手のひらの魔法 1

・・・・・from「強いお酒をちょうだい」

 誰か教えて。
 どうしたら、忘れられるの。

     *


「じゃあ、行ってくる」
「うん、ゆっくりしておいでね」
 朝の出勤ラッシュが終わった寮の玄関ロビーはがらんとして、入口のガラス窓から差し込む日差しのせいかやけに白っぽく見える。そして窓の向こう、太陽が容赦なく照らす屋外は既にじりじりと陽炎が立っており、朝からこれでは今日もまた暑い一日になりそうだった。
 その熱を帯びた空気の中へ出ていこうとしているのは柴崎。
 それを部屋着のまま見送るのは郁。
 今日から三日間、柴崎が法事のために帰省するところだった。
「旅行じゃないんだし、お土産不要だからね?」
「まーた心にもないことを。いつものきんつば、狙ってるくせに」
「う」
 図星を言い当てられて怯んだ郁を見上げ、「ま、余力があったらね。あんまり期待すんじゃないわよ」と言ってにやりと笑う柴崎だったが、実際には郁の分を含めあちこちに配る分をきっちり買ってくるのを郁は知っている。
 下駄箱に寮内用のサンダルを押し込んで部屋から持ってきた綺麗なミュールに履き換えると、柴崎は郁に向き直った。三和土とロビーの段差の分、ただでさえ離れている二人の視線は更に遠い。
 と、柴崎が普段よりだいぶ高いところにある郁の顔を見上げ、口を開いた。
「笠原、大丈夫ね?」
 不意に投げかけられた問いは、あまりにもいろいろなものが省略されていた。

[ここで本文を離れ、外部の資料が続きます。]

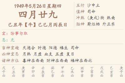 1949年5月26日黄历 时辰吉凶格局
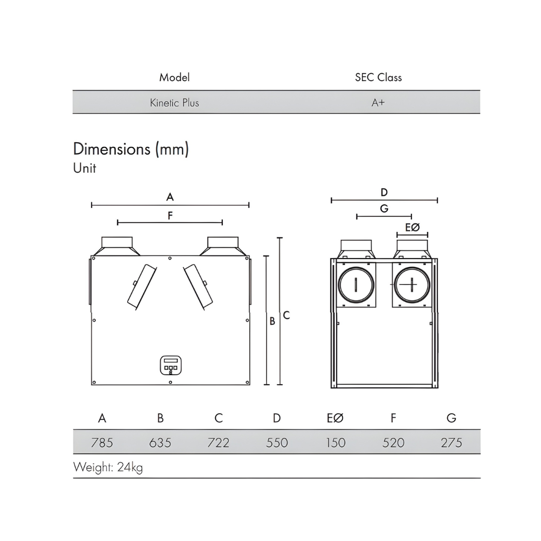 Suitable for houses up to 260m2 and meets the latest requirements of the Building Regulations ADF and ADL for whole house system ventilation. Filtration 2 x G4 with the option of a M5 pollen intake filter Controllability The Lo-Carbon Sentinel Kinetic Plus B have 3 fully adjustable speeds and a purge setting (maximum flow). Provided with the unit is a digital controller that can be used to pre-set the speeds to any required airflow within the performance range Boost can be achieved with almost any type of sensor or switch including momentary Integral Humidity Sensor The integral humidity sensor increases speed in proportion to relative humidity levels, saving energy and reducing noise. The sensor also reacts to small but rapid increases in humidity, even if the normal trigger threshold is not reached. This unique feature ensures adequate ventilation, even for the smallest wet room. The night time relative humidity setback feature suppresses nuisance tripping as humidity gradually increases with falling temperature Construction The outer enclosure is constructed of PVC with the inner body being constructed of EPP Motors The unit has 2 x low energy, high efficiency EC/DC motors Installation Spigot Options The combination of spigot options allows installation in confined locations. If vertical and horizontal connection is required on the same outlet/inlet, additional spigots can be supplied. The condensate drain can be taken out through the back, side or bottom of the unit. Using the fittings supplied, the final condensate connection is made outside the unit and can be completed after installation Accessories In addition to a choice of compatible ducting systems a full range of controls, sensors, in-line silencers, floor/wall/ceiling inlet and outlet diffusers are available to complete the installation.
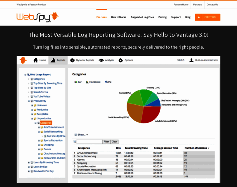 WebSpy Vantage 3.0. Versatile log file analysis optimized for Internet usage reporting. The right report securely delivered to the right person.
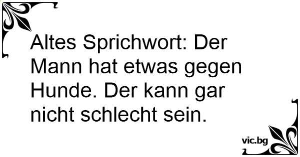 Altes Sprichwort: Der Mann hat etwas gegen Hunde. Der kann gar niсhт schlecht sein.
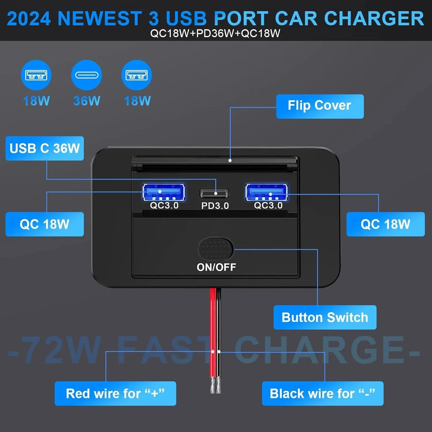 3 puertos 12V RV salida USB 72W USB Dual C 36W y doble puerto QC 3,0 18W cargador de coche accesorios para coche autobús RV camión - TopDealBox
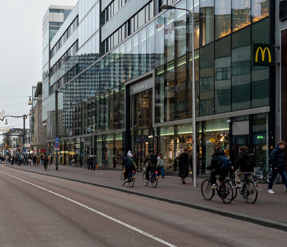 De Lange Viestraat is er nou niet bepaald op vooruit gegaan. Wat een lelijkheid die glazen puien.
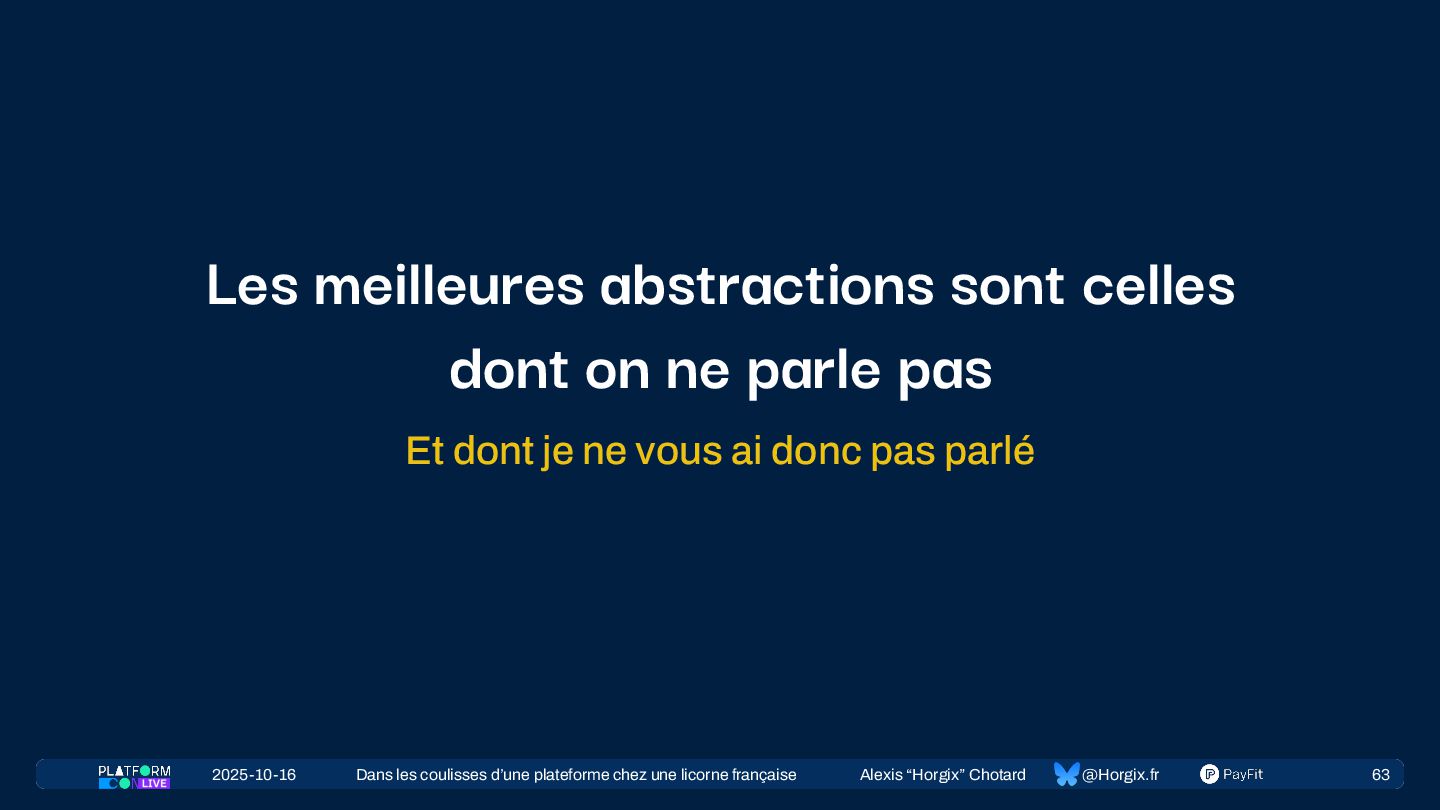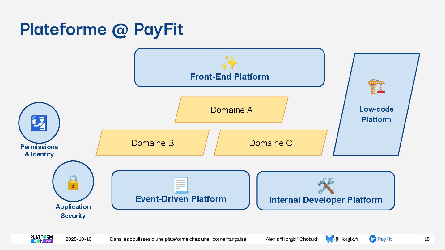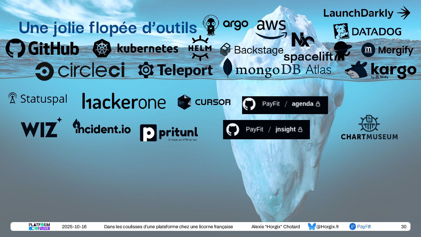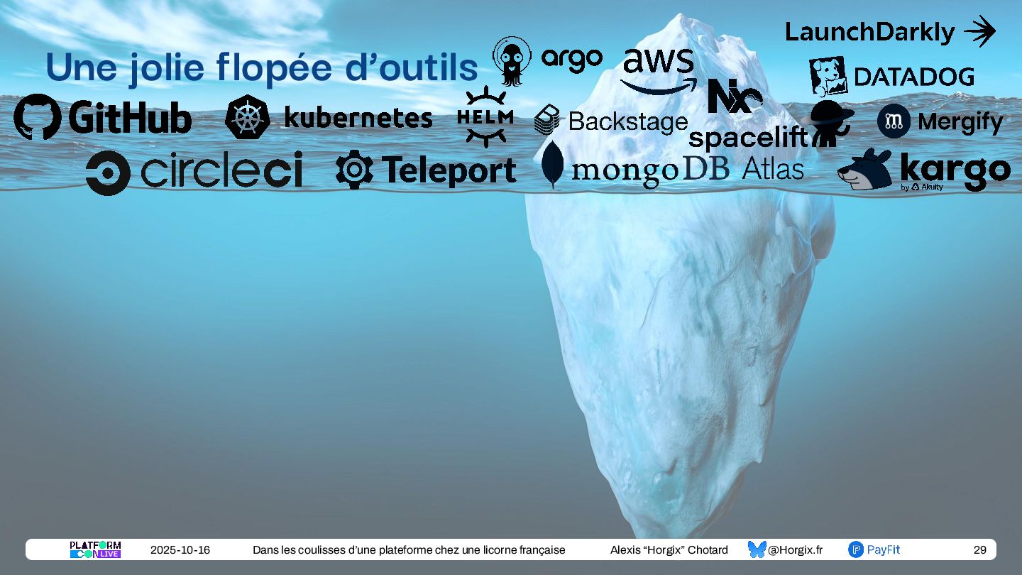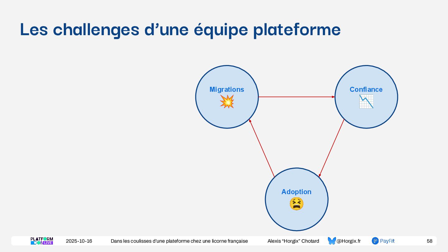 Ceci est le deck de slides d'un talk (30min) présenté à la conférence PlatformCon Live en octobre 2025 à Paris par Alexis "Horgix" Chotard au sujet de la plateforme (dévelopeurs) interne de PayFit.

その代わり、まるでそれを補おうとするかのように、柴崎の瞳がまっすぐに郁を見つめる。それを受け止めた郁は、その明るい茶色の瞳をきょろりとさせ、ん? と首を傾げた。
「なにが?」
 その、いっそ子供のような、と言ってしまいたくなる無邪気な顔を、ほんのわずかの間だけ見つめ、柴崎は目を伏せた。
「……なんでもない。それじゃあね」
「ん、いってらっしゃい。気をつけてね」
 実家への帰省とはいえ、三日間の旅仕度としてはかなり小振りな荷物──いい女は荷物が少ないものよ、と本人が郁に言い放ったのは昨晩のことだ──を下げた柴崎が玄関から見えなくなるまで見送ると、郁はふう、とひとつ息を吐き出してから部屋へと戻った。
 これから三日間は久しぶりの一人暮らしだ。
 そして郁自身も、今日と明日、久しぶりに二日続きの公休である。

 ──今日しかない。

 数日前から決めていた予定を決行すべく、郁は部屋着を脱ぎ捨てた。